1. This research has found that a major factor in the corrosion of copper is the nature of the surface oxide which forms during exposure to water. The film is a semiconductor which may have p-type or n-type conductivity. New copper tubes generally have thin p-type films which under most circumstances perform well and protect the surface against corrosion. However, under certain conditions this film changes to an n-type film which promotes corrosion. Copper tubes which are performing satisfactorily have a p-type cuprous oxide film, whereas tubes which are corroding have an n-type cuprous oxide film.

2. The change from p-type behaviour occurs when the corrosion potential of exposed copper shifts significantly in the positive direction. However, the significant factors which determine this change remain to be determined.
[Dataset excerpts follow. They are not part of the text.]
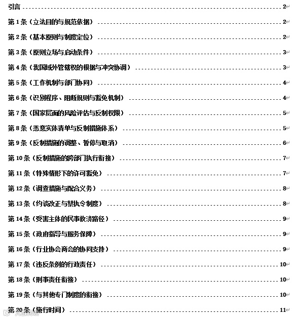 从条文结构看,条例虽然只有20条,但制度链条完整,形成“原则立场—识别与阻断—国家反制与恶意实体清单—禁执令—民事救济—责任追究—与其他专门制度衔接”的基本框架。它与《中华人民共和国对外关系法》《中华人民共和国反外国制裁法》以及数据安全、出口管制、反垄断、司法协助等既有规则并不是替代关系,而更像是一部统领性、衔接性的涉外应对规范。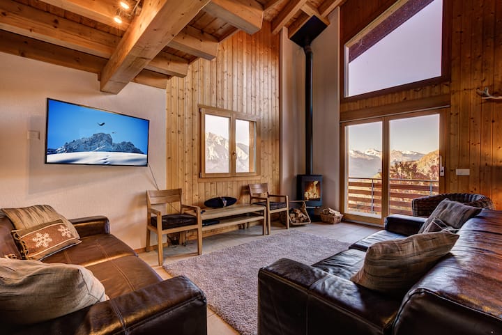 Pikat e fituara ' t të zhgënjeheni kur hyni brenda këtij chalet të mrekullueshëm, me dritaret e saj të mëdha panoramike dhe pamjet e hedhjes së nofullave mbi luginën dhe malet përtej. Dhoma gjumi & Banja imeKjo chalet me pesë dhoma gjumi është ideale për 12 të rritur ose mund të flenë deri në 14 kur përdorni shtretërit në mezzanine të hapur.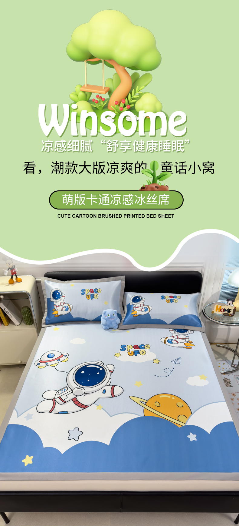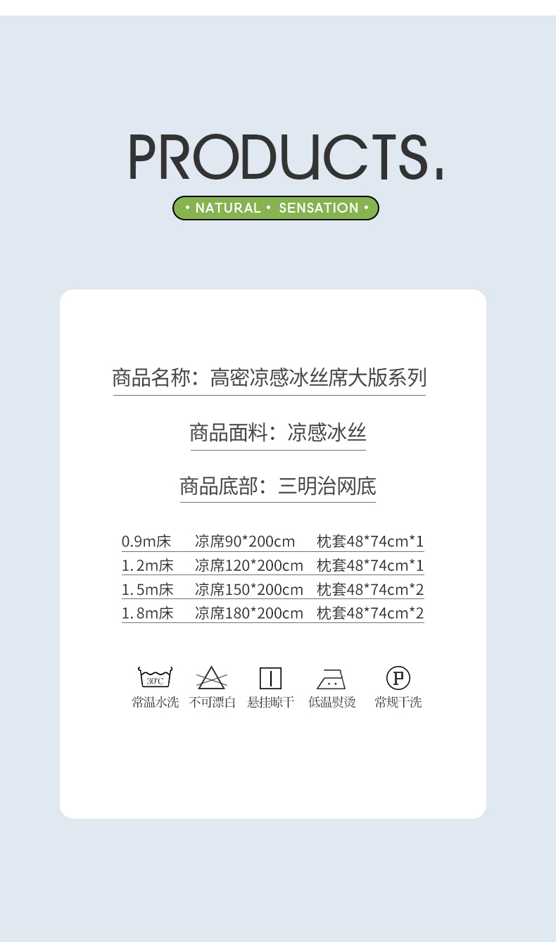 商品名称:(总)丝羽坊 2025新款大版印花冰丝凉席冰丝席碳光冰丝凉席-平铺款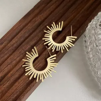18K PVD Plated Honeycomb Shaped Ear Clips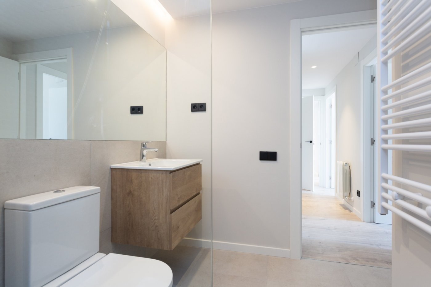- Baños equipados con grifería Hansgrohe y sanitarios Roca.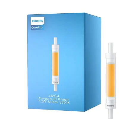 La Philips Corepro LED Lineair R7s 118mm 7.2W 810lm - 830 Luce Calda | Sostitutiva 60W è perfetta per la sostituzione della convenzionale Lampada alogena 60W R7s con colore della luce 830 Luce Calda. Questa lampada ha una forma A doppio attacco e va alimentata con 220-240 Volt. Passare a led ha molti vantaggi!

3. Substantial p-type oxide films may be formed in a number of ways, by:

  • controlling the corrosion potential at less than -50 mV vs SCE
  • thermal oxidation using the patented UCZ (Sanco) process
  • exposure to a dilute solution of hydrogen peroxide
  • With further development, the latter two processes could be used for the production of highly corrosion-resistant copper tube. The peroxide treatment may also be used in conjunction with an appropriate chemical cleaning procedure for the passivation of new and corroded installations.

4. Bicarbonate dosing of water, as practiced by the Hunter Water Corporation, lowers the corrosion rate of copper and assists in the formation of an adherent cuprous oxide film. A thermochemical method for determining optimum dosing levels has been proposed. The effectiveness of bicarbonate dosing may be monitored using potentiostatic current-time measurements which could be automated.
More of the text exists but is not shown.